As I said last week, this was the heavy topic assigned to me at an Anglican-Orthodox conference in 2009. If you haven’t read Part 1, please do or you won’t make much sense of Part 2. Last week I described (humbly, I hope) Orthodoxy’s multi-cultural unity in “traditional Christianity”.

This week is trickier: How does the Orthodox Church remain faithful in all cultures? even in 1! When I first became Orthodox I tried to figure it out – couldn’t do it, gave up. I concluded it’s just the Holy Spirit, which is the real explanation, of course. However now, after almost 30 years Orthodox, I have some educated guesses about how the Holy Spirit does it.

“How do we teach traditional Christianity…?” was the question. This contains a false assumption. We Orthodox do not begin by teaching traditional Christianity.

Living Experience

We learn traditional Christianity by living it, by experience. Early Christianity was called “the Way”, the way of life. Bishop Kallistos (Ware) in his book The Orthodox Way points out what is so obvious that we can miss it: The Creed isn’t primarily about doctrine. It doesn’t begin “I believe there is one God…”, but rather “I believe in one God…” “I put my trust in the one God.”

Experience, living it, is the key as it is with everything in life. I have faith in my wife not because I accept authoritative teachings about her, but because of experience: I have been married to her for over 51 years, and I know her – even though in many ways she still remains a wonderful, surprising, unexplainable mystery!
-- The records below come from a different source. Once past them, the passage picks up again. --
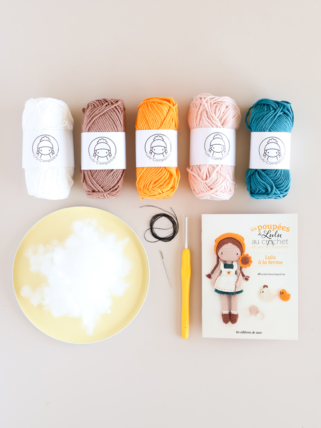 En effet, il s’agit d’un kit crochet contenant le matériel indispensable pour crocheter une poupée inédite en tenue de fermière accompagnée d’accessoires tout aussi mignons. Ces projets sont simples à réaliser grâce au livret fourni détaillant les bases à connaître et le tutoriel photos des modèles. Alors, n’attendez pas !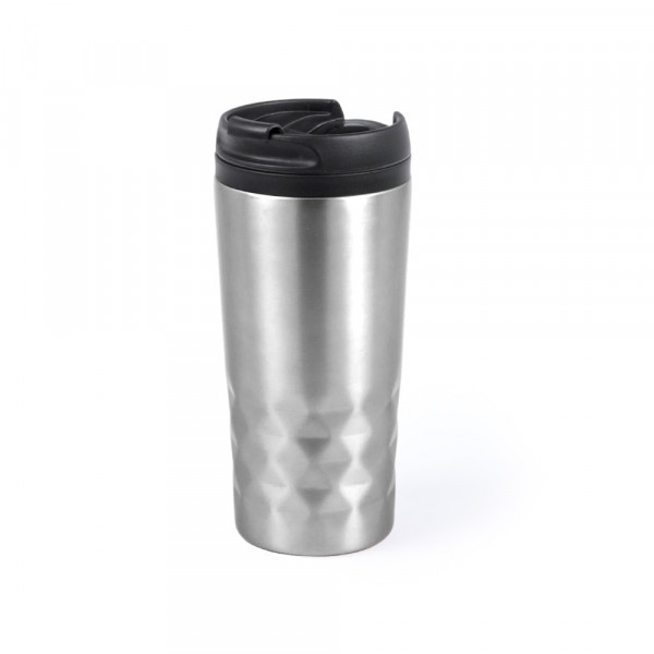 Stainless steel table-top cup with a capacity of 310ml. With easy-open dispenser lid and soft foam padded base. It is ideal for your desk, table, or any surface where you can enjoy your favorite drink. With original glossy finish and diamond design.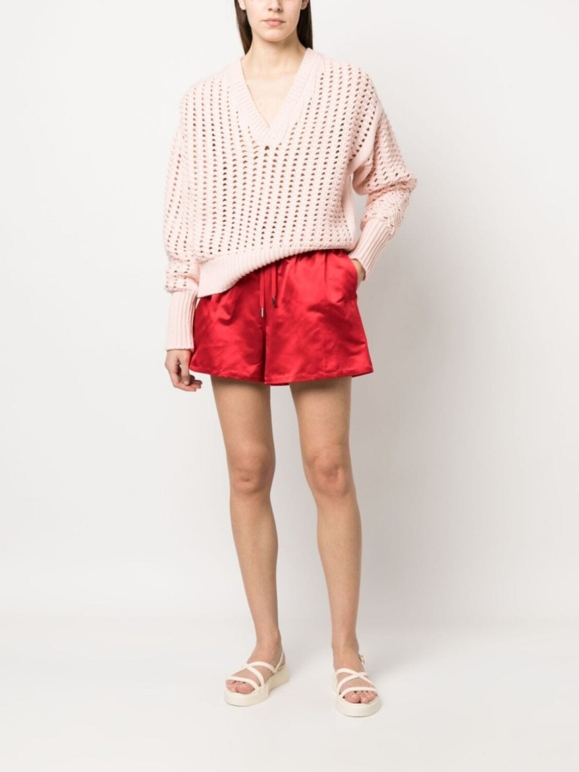 Джемпер рыхлой вязки с V-образным вырезом SA SU PHI, розовый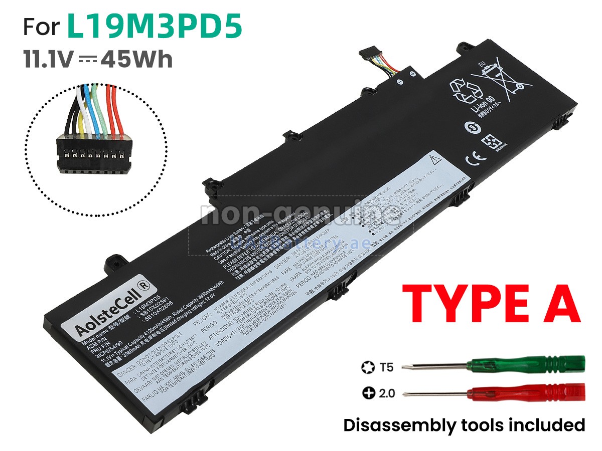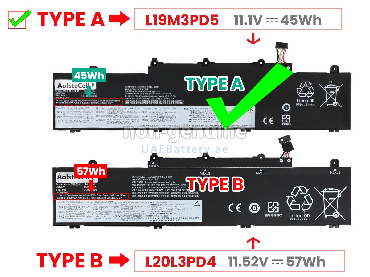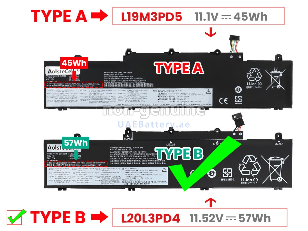 2قم بمقارنة الجهد والسعة للبطارية مع بطارية Lenovo ThinkPad E15 GEN 3-20YG007XAD، وتحقق من أن واجهة البطارية وشكلها هما نفس الصور الموجودة على موقعنا.

But after all these years you could make arguments against her, use as much “form criticism” or “source criticism” on her as you like, and it wouldn’t affect me at all, because I know her.

Just so, Orthodox people are stable in the traditional Christianity because they are grounded in Orthodox life – which I’ll try to describe below. Only in that context is “teaching” the Faith effective. Saint Cyril of Jerusalem in a Pascha Monday talk to the newly baptized (which I can’t now locate) said something like this: “Yesterday you received the Eucharist for the first time; now I can begin to tell you what it means.” First experience it. Then we have something to work with.

Bishop Kallistos once baptized an Englishman who had intellectual doubts about parts of the Creed but who deeply wanted to live the Orthodox life. The man soon came to believe the Creed. First experience it. Then you will come to believe.

Orthodox people who are grounded in the Faith are therefore not often swayed by mere intellectual theories or arguments or TV preachers or (to get back to the subject at hand) by cultural influences to the contrary.

This is why, when people first came inquiring, I learned not to lead in with doctrine – especially with those who wanted to start with doctrine. Rather I got them into our worship and prayer. I urged them to start fasting with the Church, get involved in the Church community, work at the parish festival, give to charity, practice mercy and forgiveness which are key. Thus they began to experience for themselves what traditional Christianity is all about. Then we had something to talk about.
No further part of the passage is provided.